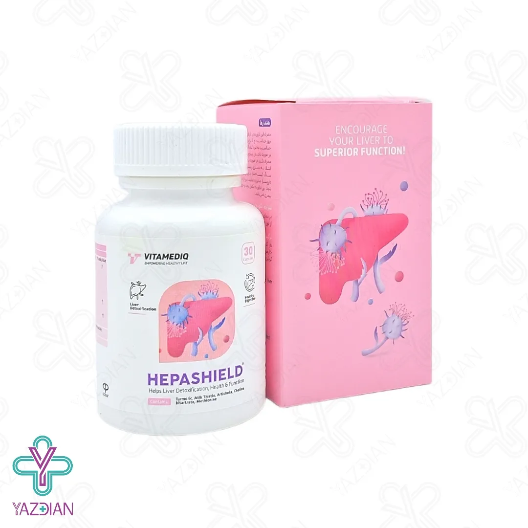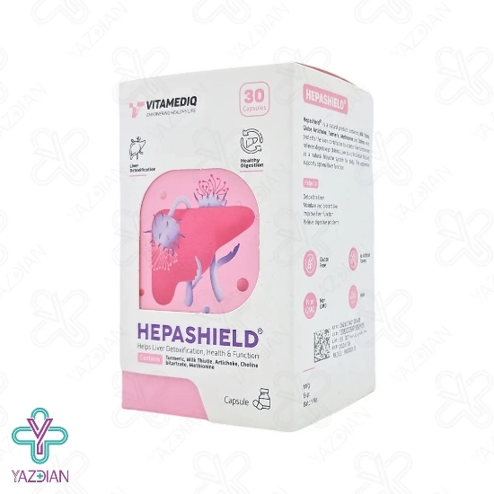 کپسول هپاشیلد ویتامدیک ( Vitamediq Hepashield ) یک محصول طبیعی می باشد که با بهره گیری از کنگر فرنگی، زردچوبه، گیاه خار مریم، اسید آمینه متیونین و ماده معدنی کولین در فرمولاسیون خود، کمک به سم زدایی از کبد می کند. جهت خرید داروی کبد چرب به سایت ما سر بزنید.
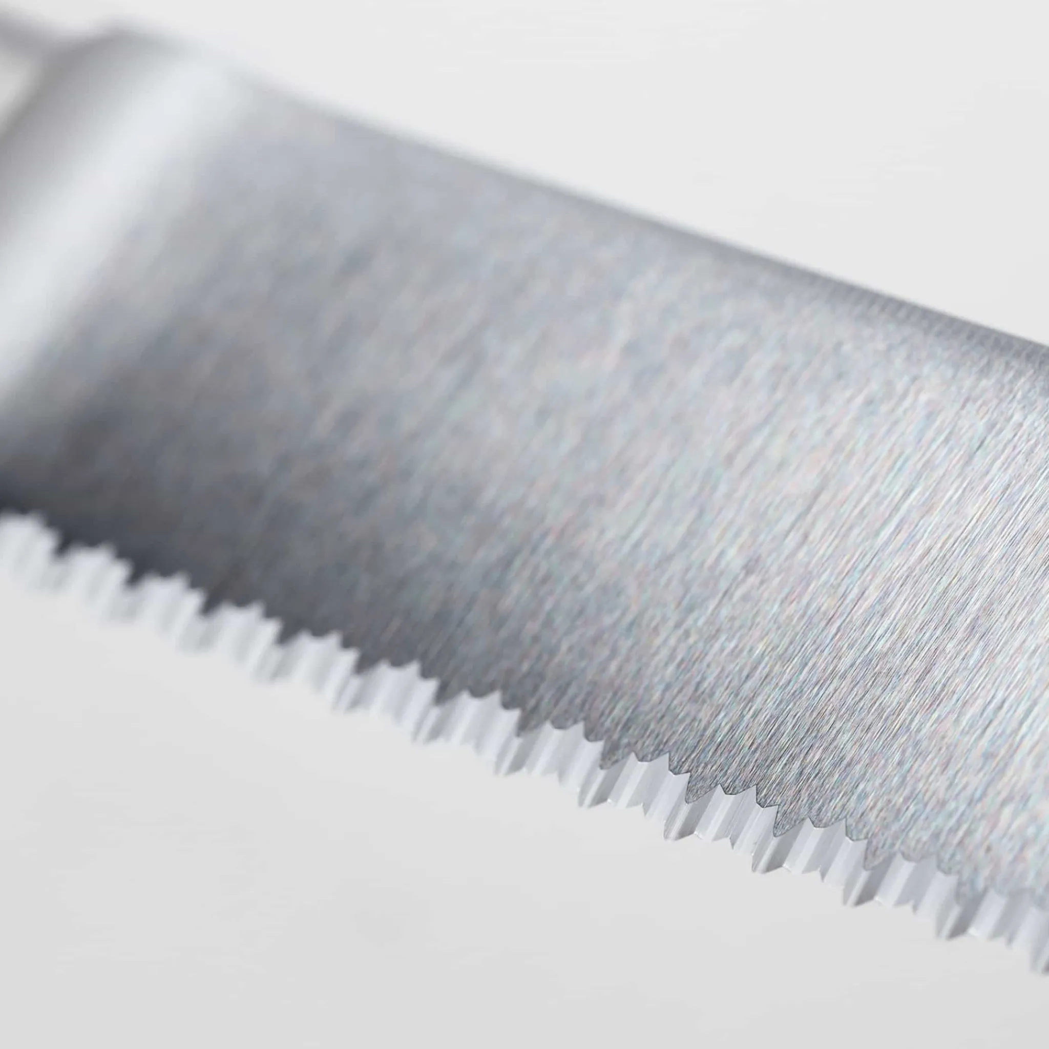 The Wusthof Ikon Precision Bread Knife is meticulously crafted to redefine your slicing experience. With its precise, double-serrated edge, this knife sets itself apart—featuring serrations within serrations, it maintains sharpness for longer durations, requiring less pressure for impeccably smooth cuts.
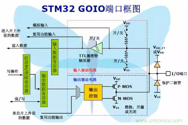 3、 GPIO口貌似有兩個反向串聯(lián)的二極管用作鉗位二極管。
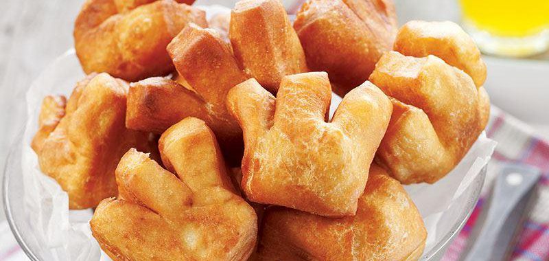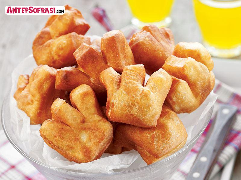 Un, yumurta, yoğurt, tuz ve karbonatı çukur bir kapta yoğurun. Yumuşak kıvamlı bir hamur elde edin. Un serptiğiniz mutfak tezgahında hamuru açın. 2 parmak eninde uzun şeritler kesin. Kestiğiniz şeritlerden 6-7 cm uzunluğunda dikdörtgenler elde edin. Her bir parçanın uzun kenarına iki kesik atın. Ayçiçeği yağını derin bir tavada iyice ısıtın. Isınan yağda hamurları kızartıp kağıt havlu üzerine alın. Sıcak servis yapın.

* * *

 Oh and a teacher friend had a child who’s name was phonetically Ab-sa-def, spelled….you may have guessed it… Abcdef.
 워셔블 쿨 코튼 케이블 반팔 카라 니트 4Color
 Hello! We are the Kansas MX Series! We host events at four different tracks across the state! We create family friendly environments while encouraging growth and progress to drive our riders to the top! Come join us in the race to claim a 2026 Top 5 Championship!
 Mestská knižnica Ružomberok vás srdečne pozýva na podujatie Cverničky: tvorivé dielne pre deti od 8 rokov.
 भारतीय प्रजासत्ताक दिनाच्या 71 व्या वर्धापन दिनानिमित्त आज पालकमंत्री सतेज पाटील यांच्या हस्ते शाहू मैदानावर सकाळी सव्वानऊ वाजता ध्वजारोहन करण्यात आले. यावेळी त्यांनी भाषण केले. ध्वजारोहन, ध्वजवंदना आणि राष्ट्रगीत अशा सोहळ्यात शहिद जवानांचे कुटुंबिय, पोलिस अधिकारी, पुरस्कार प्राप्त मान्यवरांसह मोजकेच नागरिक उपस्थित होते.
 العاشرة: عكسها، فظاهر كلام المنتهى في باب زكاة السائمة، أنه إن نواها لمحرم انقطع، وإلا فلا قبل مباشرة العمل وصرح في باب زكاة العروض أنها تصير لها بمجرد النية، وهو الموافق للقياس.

* * *

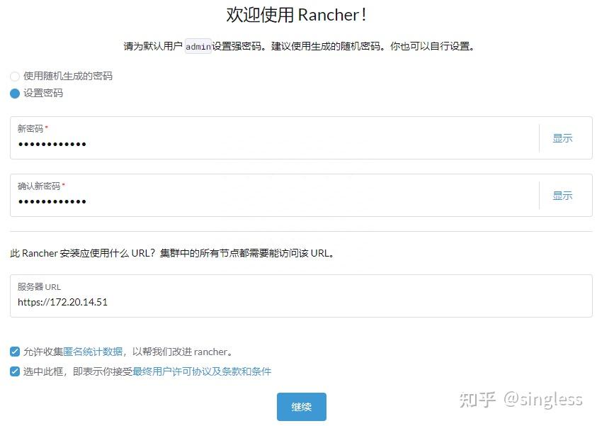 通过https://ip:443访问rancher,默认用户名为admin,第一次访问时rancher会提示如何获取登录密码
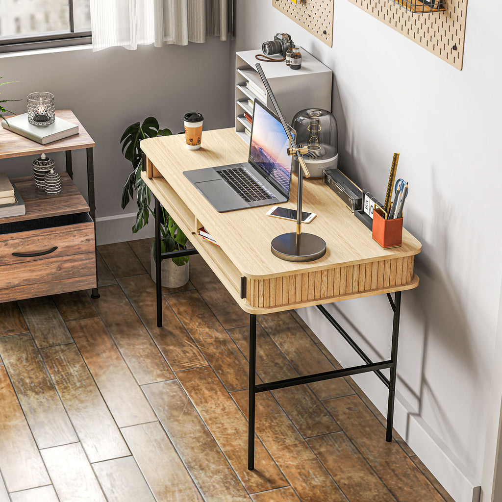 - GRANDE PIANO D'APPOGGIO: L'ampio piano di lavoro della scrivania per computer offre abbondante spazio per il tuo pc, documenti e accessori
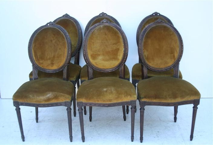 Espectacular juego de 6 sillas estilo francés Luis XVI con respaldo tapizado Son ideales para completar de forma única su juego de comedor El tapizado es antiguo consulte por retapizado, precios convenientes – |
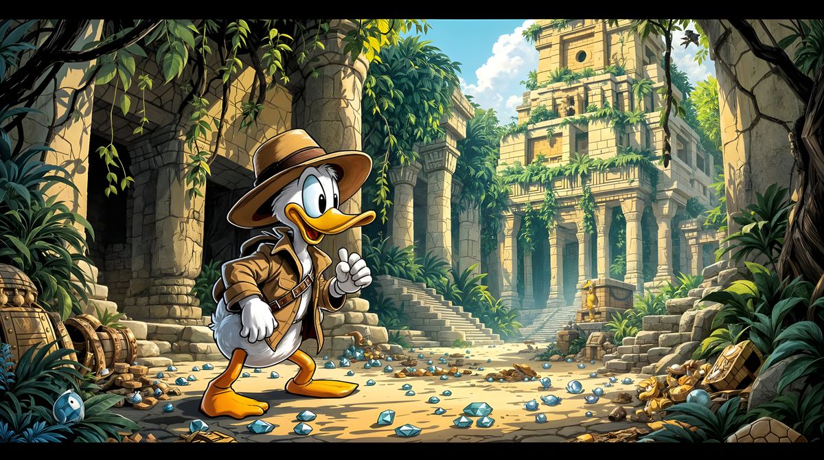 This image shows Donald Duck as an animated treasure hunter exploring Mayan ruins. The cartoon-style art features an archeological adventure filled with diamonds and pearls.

TASK BRIEF: Exact repeat of the material above: every line from the one with "- GRANDE PIANO" through the one with "Espectacular juego de", endpoints included, and nothing more. No pictures.

EXERCISE RESPONSE:
 - GRANDE PIANO D'APPOGGIO: L'ampio piano di lavoro della scrivania per computer offre abbondante spazio per il tuo pc, documenti e accessori
 Espectacular juego de 6 sillas estilo francés Luis XVI con respaldo tapizado Son ideales para completar de forma única su juego de comedor El tapizado es antiguo consulte por retapizado, precios convenientes – |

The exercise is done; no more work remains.